Brief:
Retype the material that follows exactly, limited to the lines from the one with "2017—2018年度优秀院" through the one with "根据公开信息,4月14日环氧", and keep out all pictures.

Segment Start: Records provided

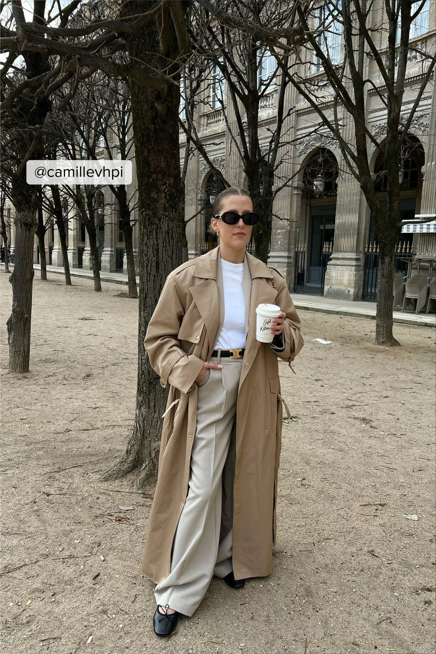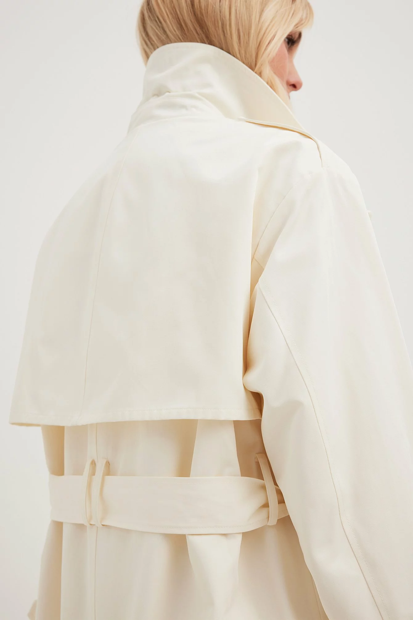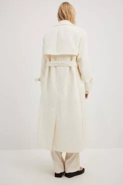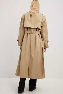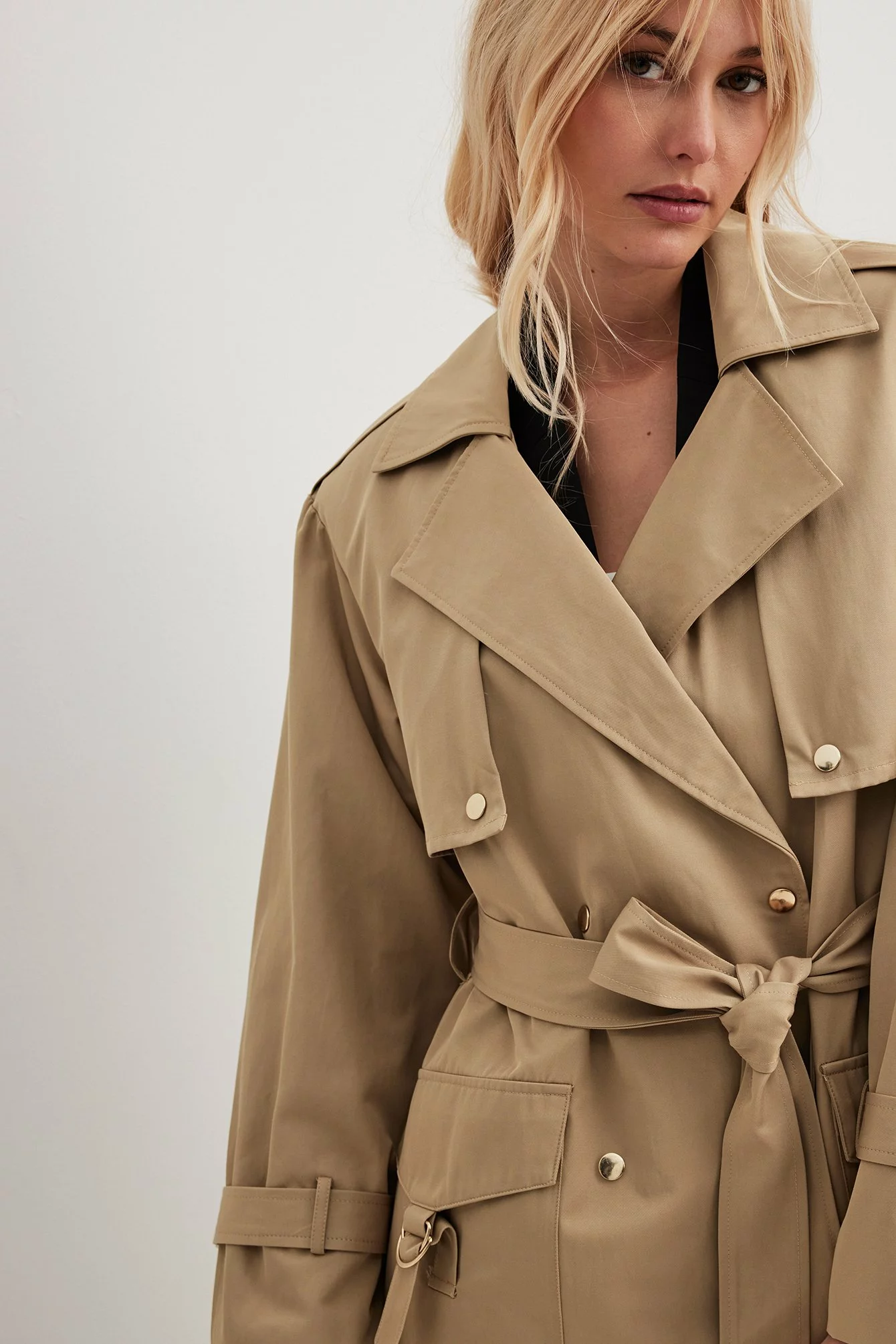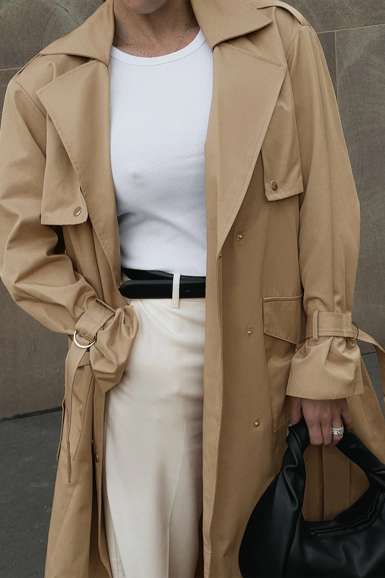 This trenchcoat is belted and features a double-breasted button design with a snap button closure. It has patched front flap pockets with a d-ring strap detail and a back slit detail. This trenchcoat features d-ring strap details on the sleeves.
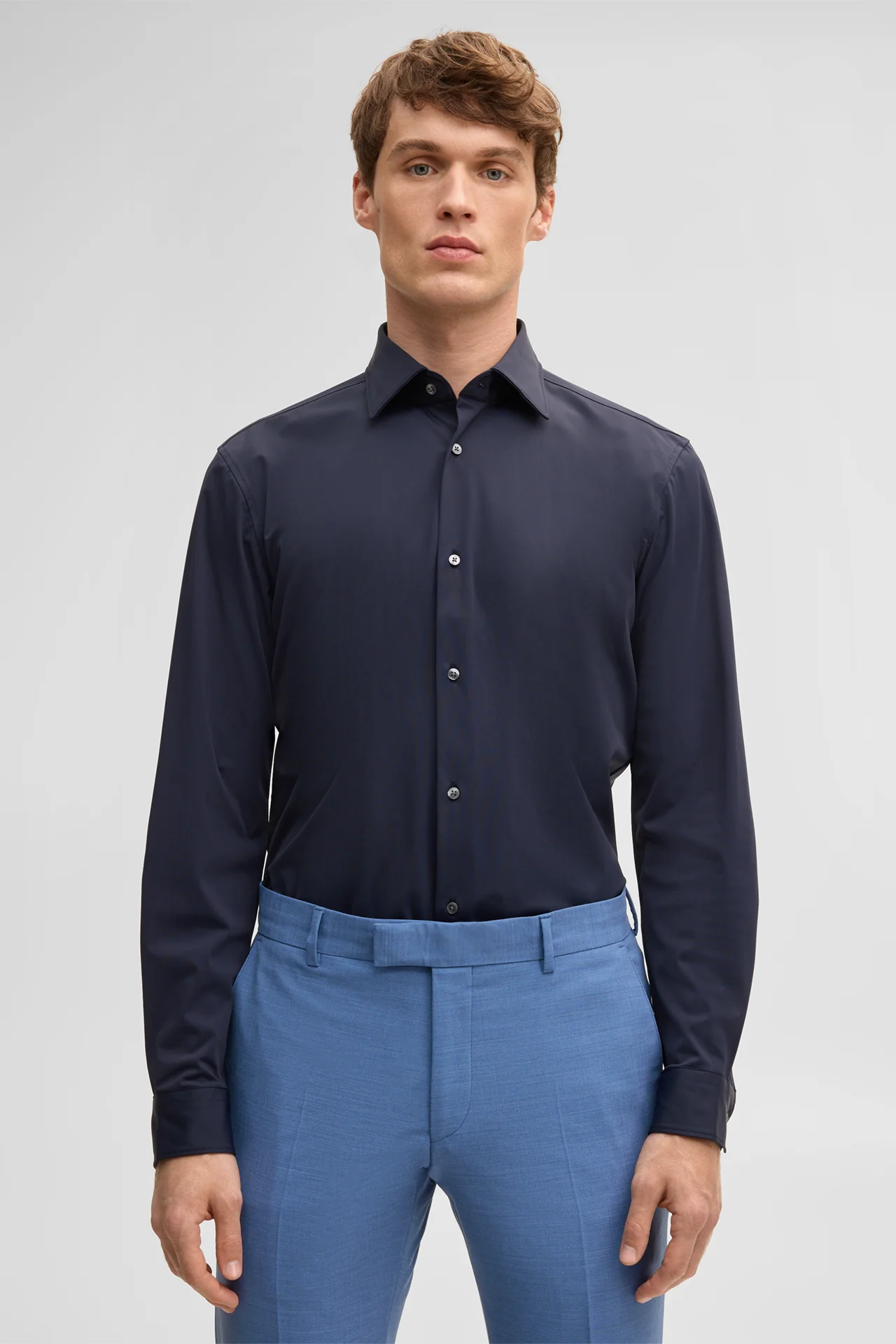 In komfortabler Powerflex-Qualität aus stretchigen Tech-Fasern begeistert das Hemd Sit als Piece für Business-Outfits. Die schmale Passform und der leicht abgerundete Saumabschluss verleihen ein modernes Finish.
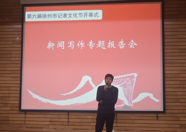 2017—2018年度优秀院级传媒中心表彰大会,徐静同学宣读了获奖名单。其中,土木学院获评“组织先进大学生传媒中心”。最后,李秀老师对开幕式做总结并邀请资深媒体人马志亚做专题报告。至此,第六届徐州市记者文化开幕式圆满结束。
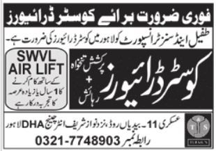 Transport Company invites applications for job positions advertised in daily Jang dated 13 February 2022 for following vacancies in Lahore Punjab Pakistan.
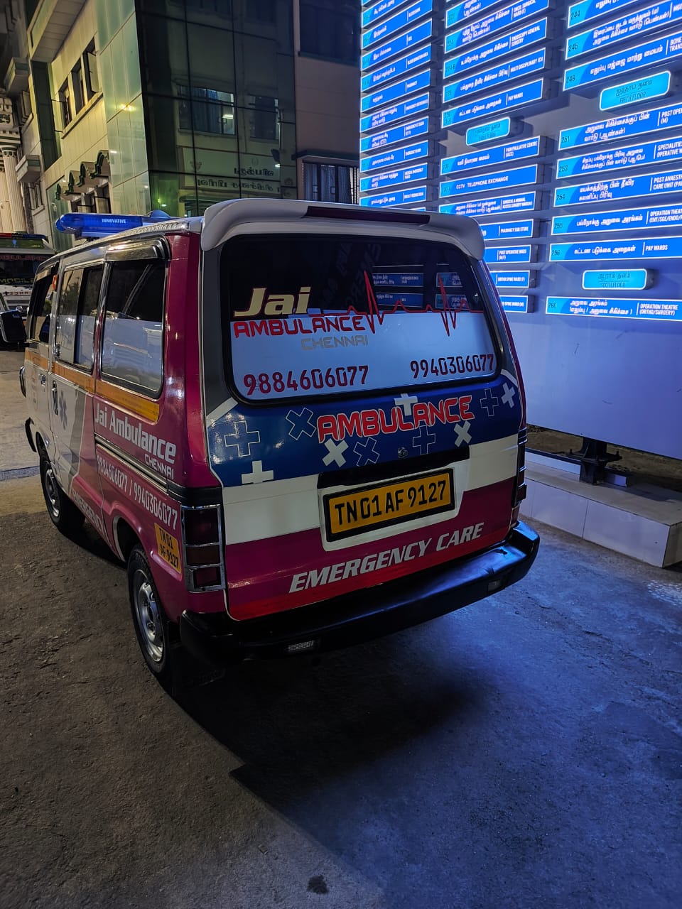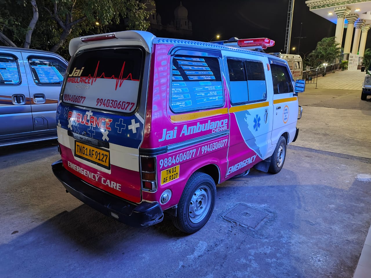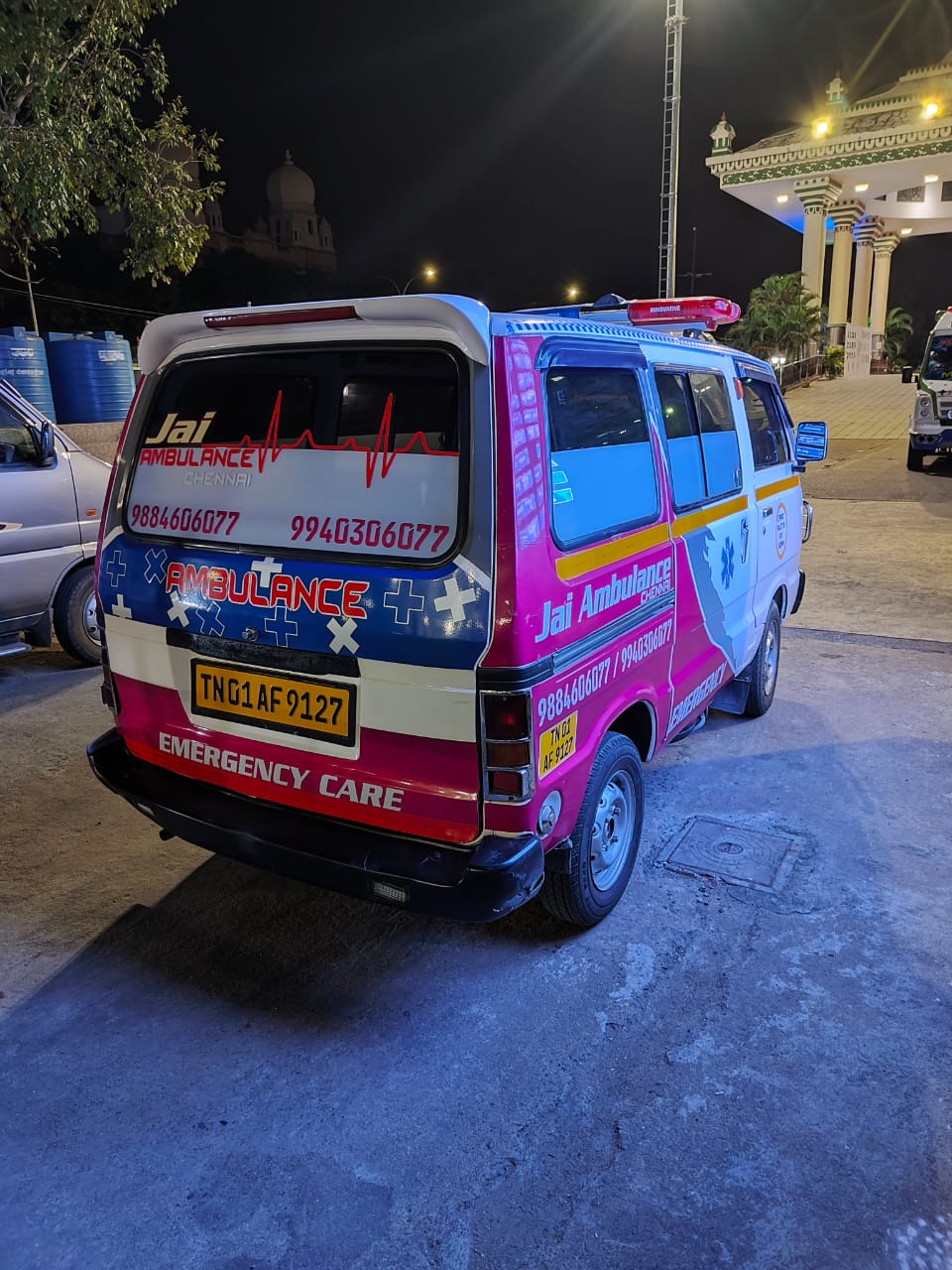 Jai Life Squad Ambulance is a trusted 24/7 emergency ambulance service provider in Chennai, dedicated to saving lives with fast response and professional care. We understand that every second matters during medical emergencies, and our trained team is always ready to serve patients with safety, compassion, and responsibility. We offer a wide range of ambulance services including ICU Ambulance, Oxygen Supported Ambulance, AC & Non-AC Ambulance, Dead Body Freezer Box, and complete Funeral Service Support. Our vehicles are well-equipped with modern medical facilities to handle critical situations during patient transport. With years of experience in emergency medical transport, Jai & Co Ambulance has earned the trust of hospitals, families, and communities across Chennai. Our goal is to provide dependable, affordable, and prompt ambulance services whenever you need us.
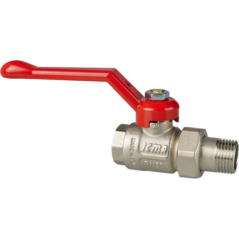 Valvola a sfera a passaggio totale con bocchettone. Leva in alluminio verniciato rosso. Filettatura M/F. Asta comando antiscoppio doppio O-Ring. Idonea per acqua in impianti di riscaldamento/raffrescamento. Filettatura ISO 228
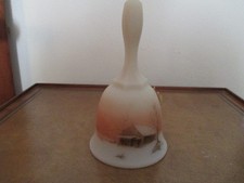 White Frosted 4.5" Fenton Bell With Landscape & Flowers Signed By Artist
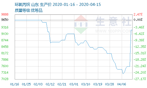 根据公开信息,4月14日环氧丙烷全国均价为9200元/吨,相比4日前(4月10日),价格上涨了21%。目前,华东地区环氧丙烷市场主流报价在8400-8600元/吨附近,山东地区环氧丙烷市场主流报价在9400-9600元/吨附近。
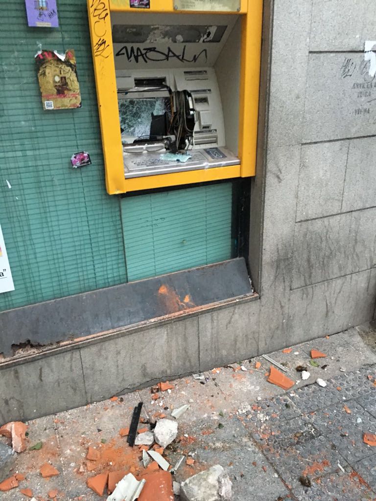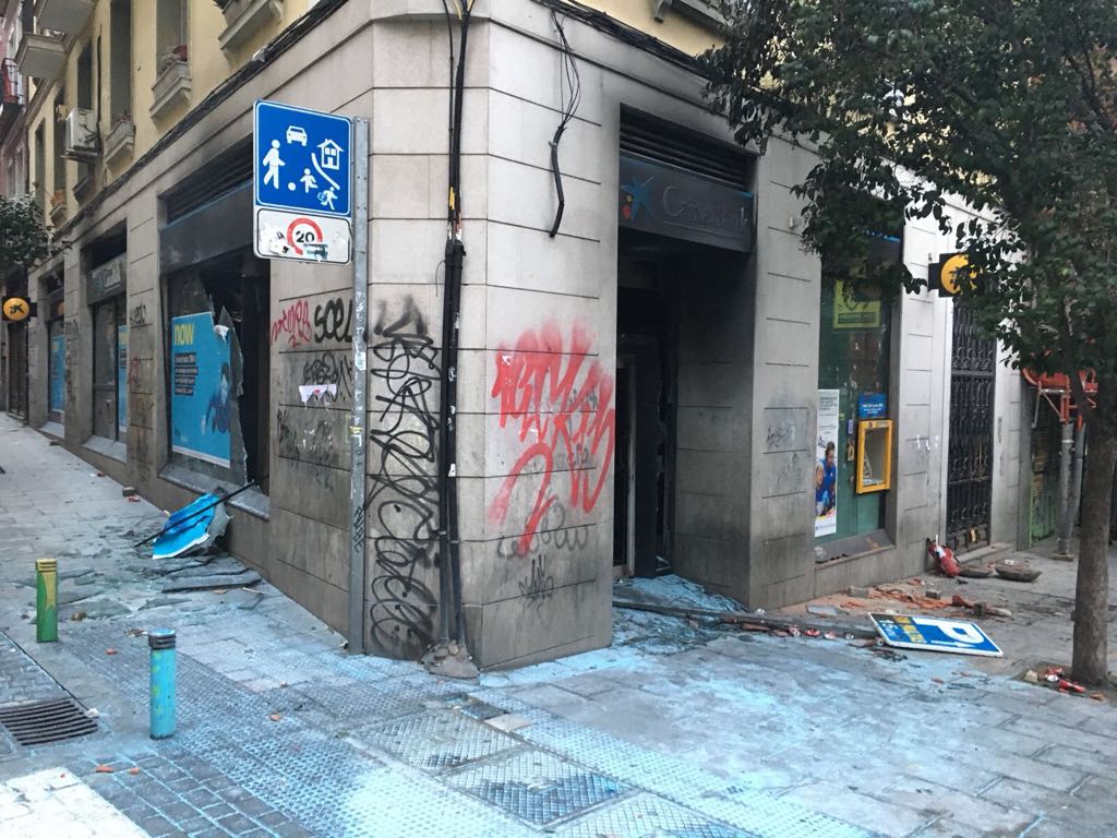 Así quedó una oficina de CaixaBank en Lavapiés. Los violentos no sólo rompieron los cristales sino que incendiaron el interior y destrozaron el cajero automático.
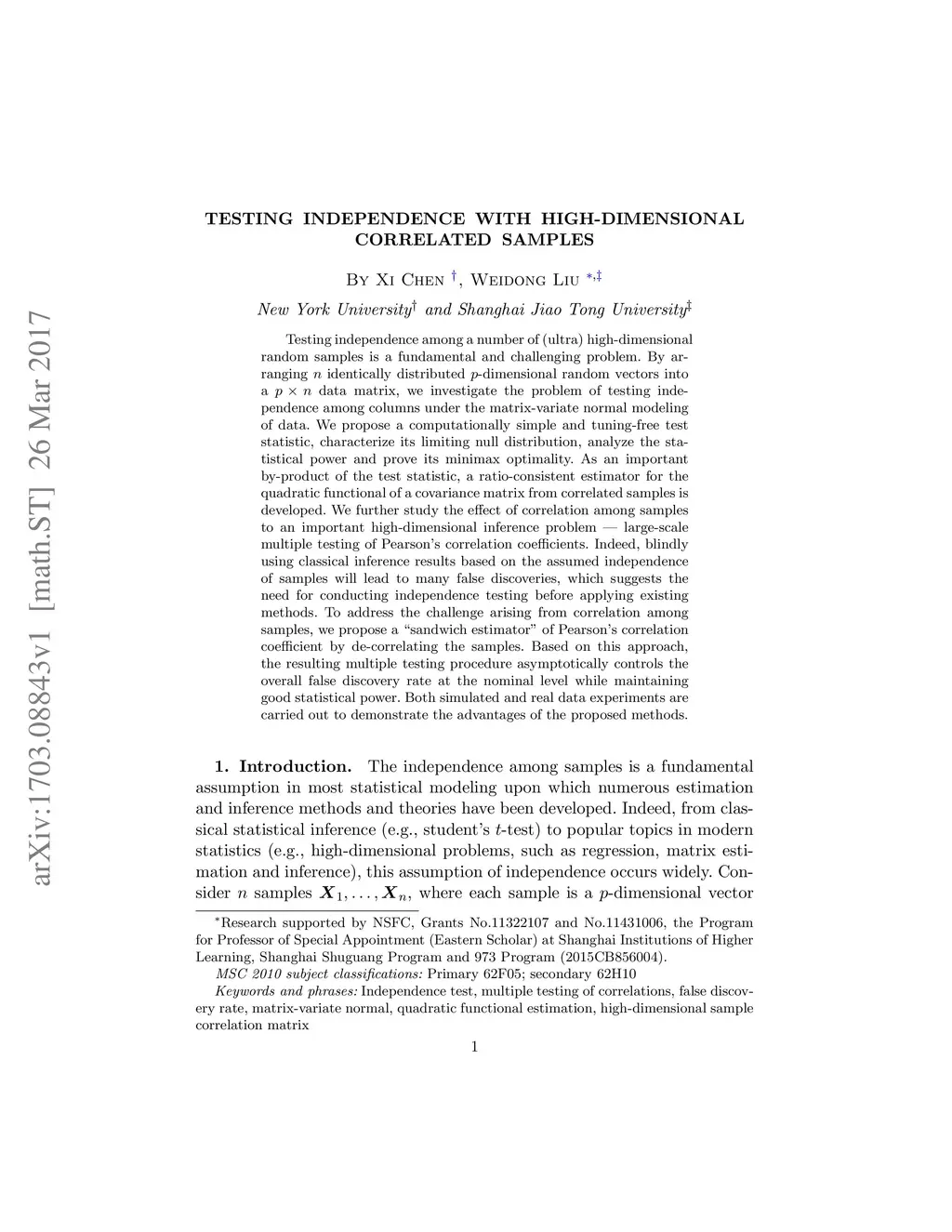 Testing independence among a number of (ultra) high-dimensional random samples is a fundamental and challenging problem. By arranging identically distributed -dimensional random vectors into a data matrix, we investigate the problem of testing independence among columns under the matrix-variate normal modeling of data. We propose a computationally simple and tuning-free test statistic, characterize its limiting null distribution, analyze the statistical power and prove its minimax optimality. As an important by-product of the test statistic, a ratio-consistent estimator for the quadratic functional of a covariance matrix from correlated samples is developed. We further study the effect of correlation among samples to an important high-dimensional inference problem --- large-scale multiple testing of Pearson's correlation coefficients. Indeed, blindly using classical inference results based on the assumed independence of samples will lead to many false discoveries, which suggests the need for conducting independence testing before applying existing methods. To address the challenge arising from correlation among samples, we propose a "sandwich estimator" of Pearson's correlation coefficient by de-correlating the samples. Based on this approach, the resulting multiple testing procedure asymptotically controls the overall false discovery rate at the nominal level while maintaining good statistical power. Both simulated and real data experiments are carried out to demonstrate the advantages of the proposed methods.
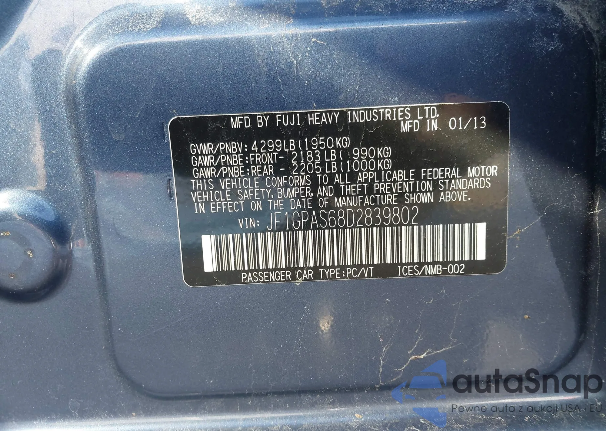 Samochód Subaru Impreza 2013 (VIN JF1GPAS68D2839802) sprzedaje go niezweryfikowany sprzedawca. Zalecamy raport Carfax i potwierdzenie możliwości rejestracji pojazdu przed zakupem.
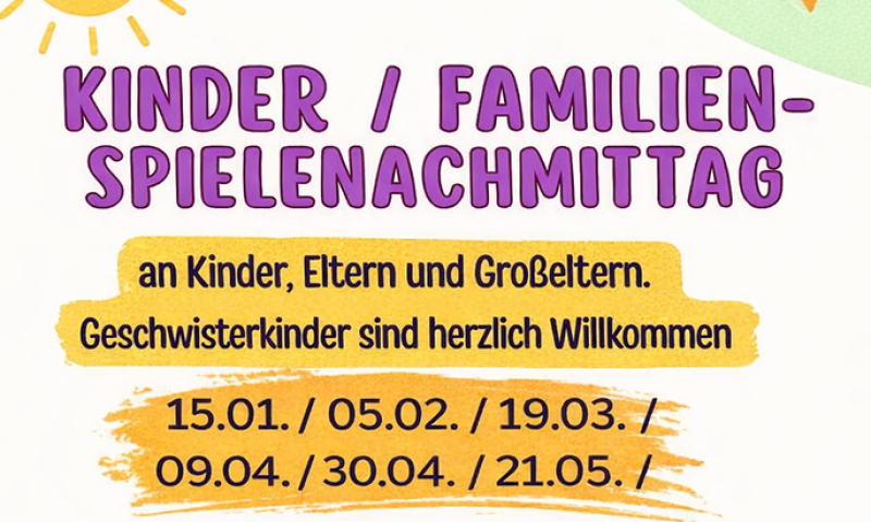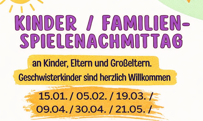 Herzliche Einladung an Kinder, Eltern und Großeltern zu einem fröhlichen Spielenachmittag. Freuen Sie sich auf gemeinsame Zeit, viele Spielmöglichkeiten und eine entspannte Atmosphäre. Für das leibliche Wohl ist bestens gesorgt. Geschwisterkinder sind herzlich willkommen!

Segment End: Records provided

Solution below:
 2017—2018年度优秀院级传媒中心表彰大会,徐静同学宣读了获奖名单。其中,土木学院获评“组织先进大学生传媒中心”。最后,李秀老师对开幕式做总结并邀请资深媒体人马志亚做专题报告。至此,第六届徐州市记者文化开幕式圆满结束。
 Transport Company invites applications for job positions advertised in daily Jang dated 13 February 2022 for following vacancies in Lahore Punjab Pakistan.
 Jai Life Squad Ambulance is a trusted 24/7 emergency ambulance service provider in Chennai, dedicated to saving lives with fast response and professional care. We understand that every second matters during medical emergencies, and our trained team is always ready to serve patients with safety, compassion, and responsibility. We offer a wide range of ambulance services including ICU Ambulance, Oxygen Supported Ambulance, AC & Non-AC Ambulance, Dead Body Freezer Box, and complete Funeral Service Support. Our vehicles are well-equipped with modern medical facilities to handle critical situations during patient transport. With years of experience in emergency medical transport, Jai & Co Ambulance has earned the trust of hospitals, families, and communities across Chennai. Our goal is to provide dependable, affordable, and prompt ambulance services whenever you need us.
 Valvola a sfera a passaggio totale con bocchettone. Leva in alluminio verniciato rosso. Filettatura M/F. Asta comando antiscoppio doppio O-Ring. Idonea per acqua in impianti di riscaldamento/raffrescamento. Filettatura ISO 228
 White Frosted 4.5" Fenton Bell With Landscape & Flowers Signed By Artist
 根据公开信息,4月14日环氧丙烷全国均价为9200元/吨,相比4日前(4月10日),价格上涨了21%。目前,华东地区环氧丙烷市场主流报价在8400-8600元/吨附近,山东地区环氧丙烷市场主流报价在9400-9600元/吨附近。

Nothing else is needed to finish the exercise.